Meta Introduces Audiobox: A Revolutionary AI for Voice Cloning and Ambient Sound Generation

Meta Introduces Audiobox: A Revolutionary AI for Voice Cloning and Ambient Sound Generation

Join our daily and weekly newsletters for the latest updates and exclusive content on industry-leading AI coverage.

Voice cloning is growing quickly due to generative AI innovations. This technology recreates a person’s voice – capturing their pitch, timbre, rhythms, mannerisms, and unique pronunciations.

Several startups like ElevenLabs have received substantial funding for voice cloning technology. Meanwhile, Meta Platforms, the parent company of Facebook, Instagram, WhatsApp, and Oculus VR, has launched its own free voice cloning program, Audiobox, though it comes with some limitations.
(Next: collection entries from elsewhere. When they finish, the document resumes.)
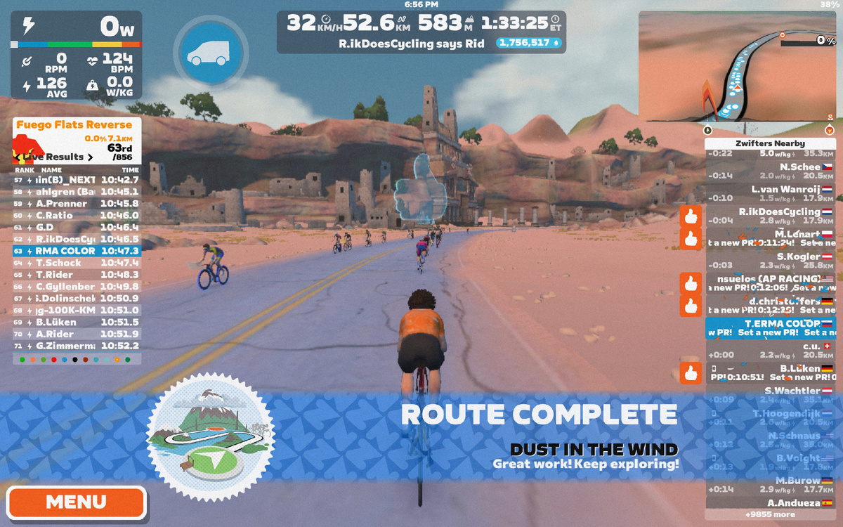Сегодня в качестве новой тренировочной трассы я выбрал "Dust in the Wind" протяжённостью 52.1 км с набором высоты (как обычно по вертикали) 582 метра. На прохождение трассы ушло немного более 1,5 часов. Темп при этом был средний, без вынимания души из тела :) Просто двигался вперёд в своё удовольствие. Скорость и каденс старался поддерживать на определëнном уровне, для поддержания ритма. На ровных участках отдыхал, в гору ускорялся. Трасса заточена для спортсменов широкого профиля, для универсалов. Очень живописные виды открываются с разных сторон. Ещё раз убеждаюсь в том, какая замечательная это программа. Хорошо продумана, прорисована, превосходная реалистичная графика. Круто! Очень хорошо видно, за что платятся ежемесячные взносы. Появилось нововведение в программе... Теперь в правом верхнем углу под картой движения показывается рельеф всей выбранной вами трассы. Курсор ведёт вас по ней, и вы точно знаете, какие подъëмы и спуски ждут вас впереди. При этом видно сколько километро
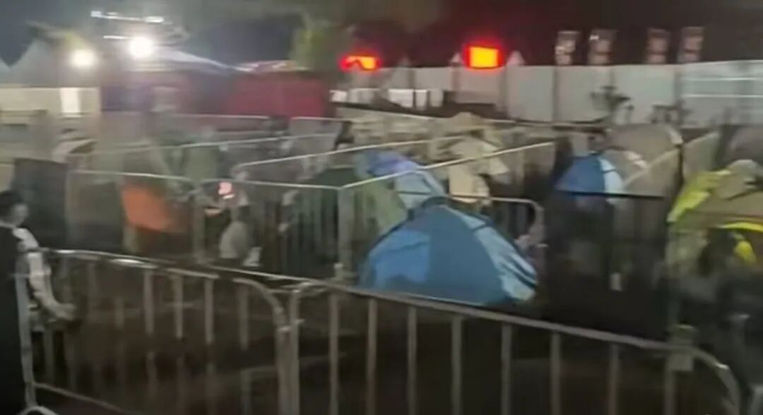 INTIME音乐公园里排队的帐篷(图源:《长江日报》报道截图)
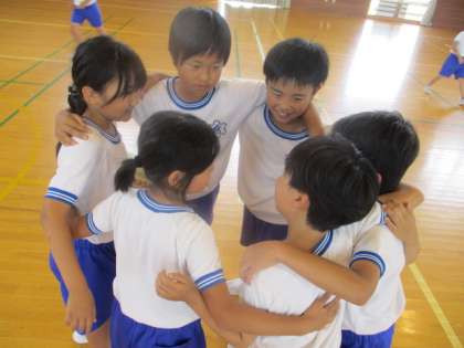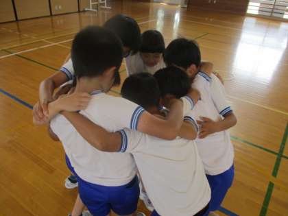 体育科の学習では、2チームに分かれて、キックベースボールの練習をしています。攻撃の順番や守備の位置等、毎時間作戦を考え直してから試合をしています。今日は4試合目。試合前には両チームとも円陣を組んで、やる気を高めていました。
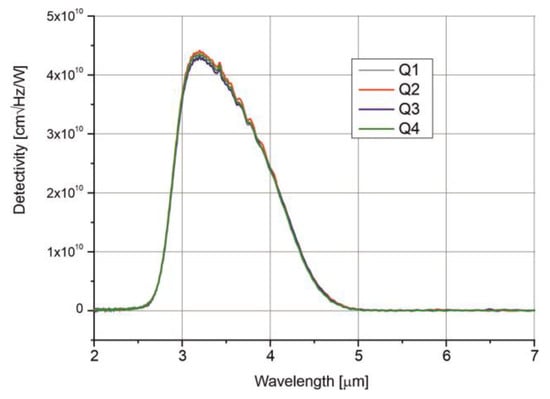 Figure 8 presents the detectivity (D*) spectra of the four-segment photodiode, measured at a temperature of 210 K. The spectra are uniform, with a 10% cut-on at 2.7 μm and a 10% cut-off at 4.6 μm, reaching a peak detectivity at 3.2 μm.
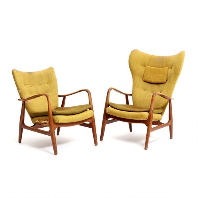 High- and low-backed easy chair with stained beech frame, yellowish green fabric
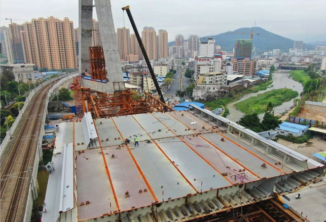 大橋鋼箱梁工程還有19片箱梁,鋼箱梁總長340米,每片質(zhì)量平均290噸,計(jì)劃8月初全部完成吊裝。與此同時(shí),主塔第一次轉(zhuǎn)體計(jì)劃于4月中旬實(shí)施,第二次轉(zhuǎn)體計(jì)劃在8月底,確保年底大橋通車。
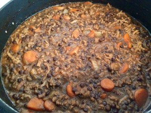 Adding beef stock and pre soaked puy lentils, that gives it an extra dimension!
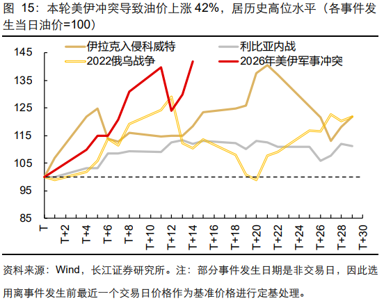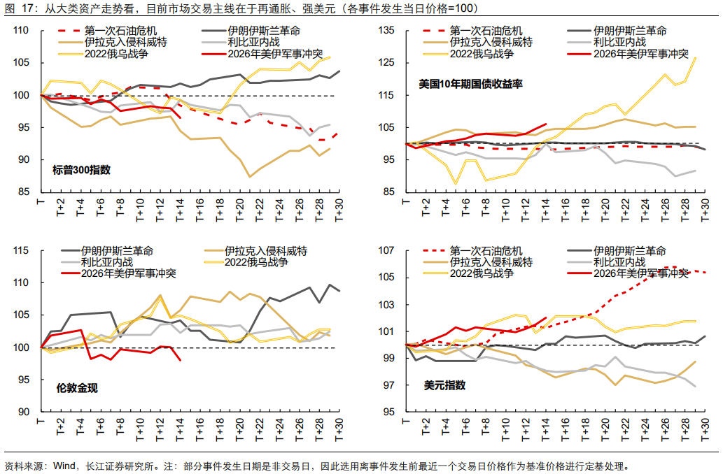 回顾1970年以来与中东相关的军事冲突事件,因石油供给严重受限导致油价飙升的案例可谓屡见不鲜。对标历史来看,本轮美伊冲突导致油价已上涨42%,仅次于前三次石油危机(前三次石油危机油价最高涨幅分别为3.8倍、2.1倍、0.8倍)。油价飙升推动市场再通胀交易预期:美股走弱、美债利率上行、美元指数走强。
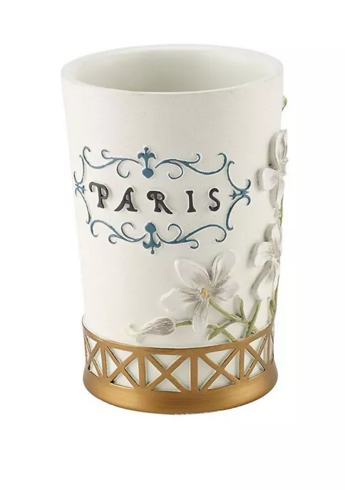 The Avanti Paris Botanique Tumbler features “Paris” in gray with an Eiffel Tower and flowers in relief in neutral shades on an off-white base. The bottom is bordered with a gold grid.

Audiobox was introduced today on Meta’s website by researchers at the Facebook AI Research lab, and it’s described as a fresh base model for audio generation. This new program builds on previous work known as Voicebox. It can generate voices and sound effects using voice inputs and text prompts, making it easy to create custom audio for various purposes. You can enter a sentence or describe a sound you want to create, and Audiobox will handle the rest. Users can even record their own voice and use Audiobox to clone it.

Meta has developed a “family of models” through Audiobox: one for mimicking speech and another for producing ambient sounds and effects like dogs barking or sirens. These models are based on a shared self-supervised learning model known as Audiobox SSL.

Self-supervised learning (SSL) is a deep learning technique where AI algorithms generate their own data labels rather than relying on pre-labeled data, which is the norm in supervised learning. The researchers explained their methodology in a scientific paper, citing that the lack of reliable labeled data necessitates training using unlabeled audio. This allows for greater data scaling and generalization.

Leading AI models often rely heavily on human-created data for training, and Audiobox is no different. The FAIR researchers used “160K hours of speech (primarily English), 20K hours of music, and 6K hours of sound samples,” covering a wide range of audio types and acoustic conditions. This data includes speakers from over 150 countries, representing more than 200 primary languages to ensure fairness and diversity.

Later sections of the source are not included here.